* [TASK DIRECTIONS] Repeat exactly, and only, the lines below starting at the line that contains "Beliebt: Handmade-Karten –" and ending at the line that contains "Ein Highlight im", inclusive of both.

* [PROVIDED ENTRIES]
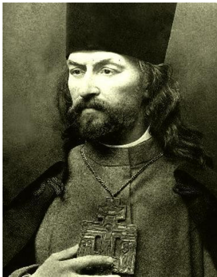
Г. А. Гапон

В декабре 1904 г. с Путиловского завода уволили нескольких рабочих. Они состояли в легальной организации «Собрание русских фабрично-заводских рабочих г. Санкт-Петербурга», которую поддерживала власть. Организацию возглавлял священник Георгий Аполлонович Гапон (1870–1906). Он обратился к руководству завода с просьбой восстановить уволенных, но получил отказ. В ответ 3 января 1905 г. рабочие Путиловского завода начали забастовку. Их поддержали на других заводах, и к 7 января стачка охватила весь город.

==

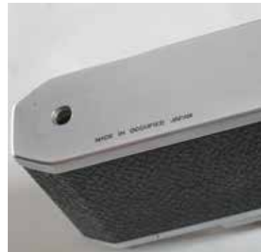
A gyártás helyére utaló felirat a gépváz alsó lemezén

==

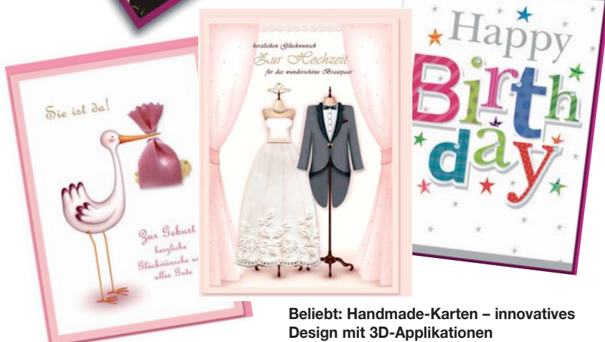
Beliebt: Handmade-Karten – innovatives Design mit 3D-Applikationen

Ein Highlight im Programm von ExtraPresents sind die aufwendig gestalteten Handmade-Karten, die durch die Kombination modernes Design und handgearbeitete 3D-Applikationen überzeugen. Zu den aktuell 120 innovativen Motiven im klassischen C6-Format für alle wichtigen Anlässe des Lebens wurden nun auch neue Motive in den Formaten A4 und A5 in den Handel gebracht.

* [THE COMPLETED TASK]
Beliebt: Handmade-Karten – innovatives Design mit 3D-Applikationen

Ein Highlight im Programm von ExtraPresents sind die aufwendig gestalteten Handmade-Karten, die durch die Kombination modernes Design und handgearbeitete 3D-Applikationen überzeugen. Zu den aktuell 120 innovativen Motiven im klassischen C6-Format für alle wichtigen Anlässe des Lebens wurden nun auch neue Motive in den Formaten A4 und A5 in den Handel gebracht.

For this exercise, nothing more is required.